Снова воцарилось молчание. Айза вся обратилась в такой комок обнаженных нервов, что почувствовала лунный свет на своей спине. И когда лорд громко и трескуче расхохотался, словно внутри у него что-то сломалось, девушка потеряла сознание.
7
Айза пришла в себя и обнаружила, что хозяина больше нет рядом, а крысы назойливо пытаются грызть ей пальцы. Ощущая боль во всем теле, она поднялась сначала на колени, а потом и на ноги. Хотя казалось, что идти она не сможет, постепенно ей удалось выбраться из внушавшей ужас галереи и добрести до своей спальни. Там, не теряя времени даром, она умылась холодной водой, хотя продрогла до костей, и это придало ей сил упаковать чемодан, как вернуло способность здраво мыслить, чтобы оставить краткую записку для Кристин. Потом она пробралась в кухню и поела, потому что за время ночных похождений сильно проголодалась. С первыми проблесками рассвета Айза вышла из ворот замка, неся чемодан на голове, как корзину с бельем для прачечной, опасливо поглядывая на сарай Таммаса. И как же рада она была, когда обогнула озеро и густые лиственницы скрыли от нее серый замок, представлявшийся теперь средоточием зла и проклятым местом! Спустившись по склону холма, она вышла в долину Эркани, вдоль которой протянулась длинная дорога до Кинкейга. С наступлением утра повалил обильный снег, и хотя он сделал путь более скользким и трудным, ей и это казалось благословением свыше, словно белый ковер забвения ложился между ней и только что пережитой ужасной ночью.

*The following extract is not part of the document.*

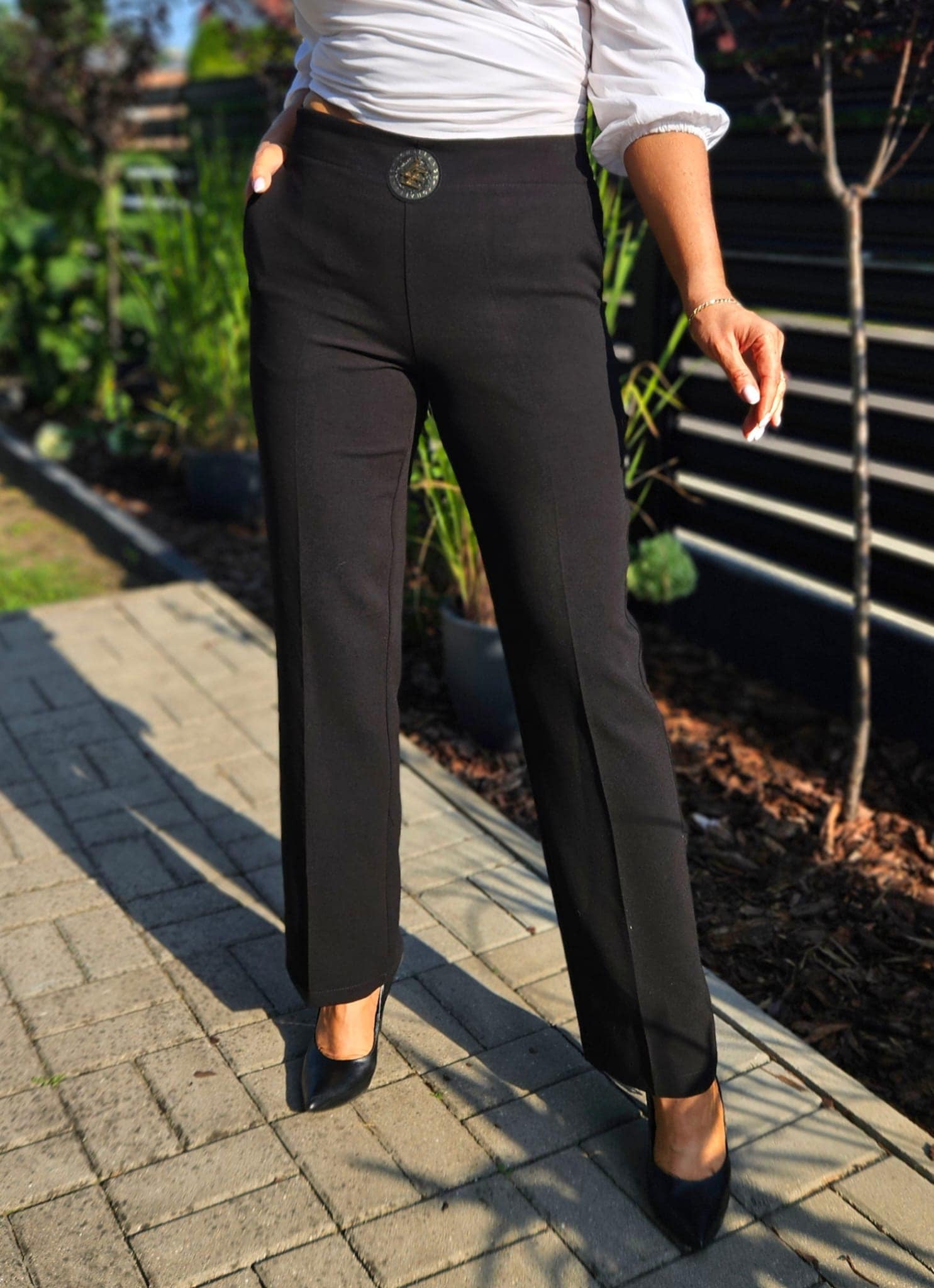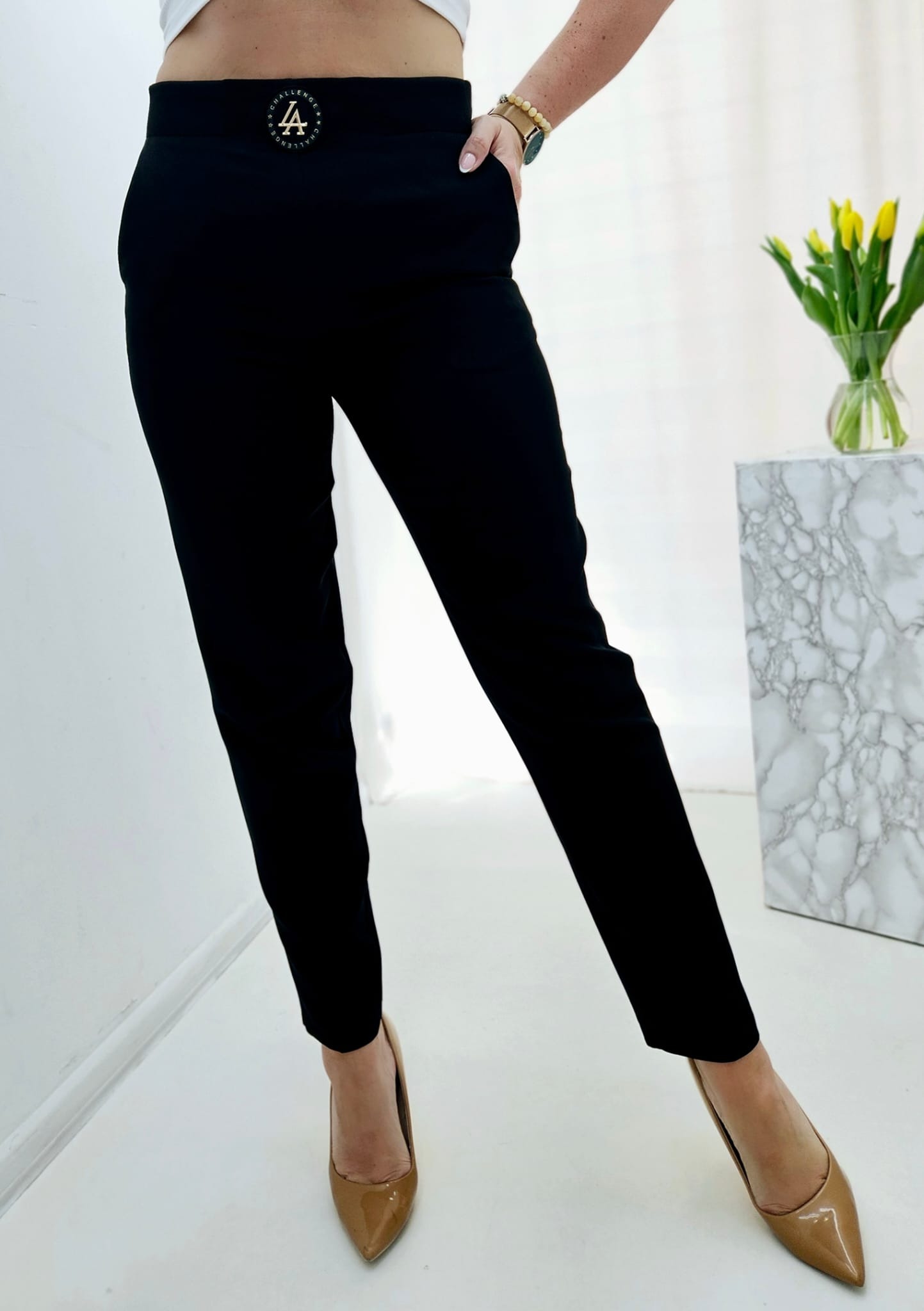 Juodos kelnės su kišenėmis ir guma per liemenį. Be užtrauktuko ir sagų.

Как вы сами понимаете, история Айзы мгновенно облетела весь Кинкейг – для старых кумушек-сплетниц она стала просто находкой в скучные зимние вечера. И подобно любому слуху, зарождающемуся в шотландской провинции, этот не только не потерял ни единой детали, но и оброс новыми. Выяснилось, например, что Айза была вынуждена прятаться за двумя гигантскими идолами, когда Гатри пришел и начал молиться им совершенно голый. Идолов он, видать, и выкопал из земли, ковыряясь вокруг развалин богопротивных римских язычников, а слова молитвы вызнал, якобы занимаясь изучением древних рун. А если в пересказе голым оказывался не сам Гатри, то непременно Таммас – без этой пикантной подробности истории Айзы, пусть и необыкновенной, не хватало элемента скандальности, который так любят сплетники и сплетницы. Но при этом нельзя не отметить, что сама Айза вела себя в подобной ситуации вполне достойно, если учесть, какая шумиха поднялась вокруг нее. Да, она охотно рассказывала о случившемся, но не расписывала свое повествование каждый раз все более красочными деталями, как можно было ожидать от молоденькой девушки. Лишь два дополнения к истории она не знала, к чему отнести: к фактам или игре воображения. Она сама признавалась, что слышала все, как будто во сне. Гатри вроде бы упоминал что-то о Северной Америке и Ньюфаундленде[13], а к этому в ее смятенном уме добавились еще и два имени: Уолтер Кеннеди и Роберт Хендерсон. Она понятия не имела, кто это такие, как не знал их и никто другой в Кинкейге. Только Уилл Сондерс припомнил, что жил когда-то на дальнем берегу озера фермер Уолтер Кеннеди и уже давно уехал куда-то. Возможно, как раз в Америку или на Ньюфаундленд. А еще сквозь помутненное сознание Айзе показалось, что Гатри склонился над столом и что-то просматривал, но книга то была или какие-то бумаги, девушка видеть не могла. Так вкратце выглядела рассказанная Айзой история. Кинкейг мусолил ее целую неделю, как и, признаюсь, ваш покорный слуга. Слухи и сплетни – вещь заразительная, а зимой сапожнику их перепадает совсем немного.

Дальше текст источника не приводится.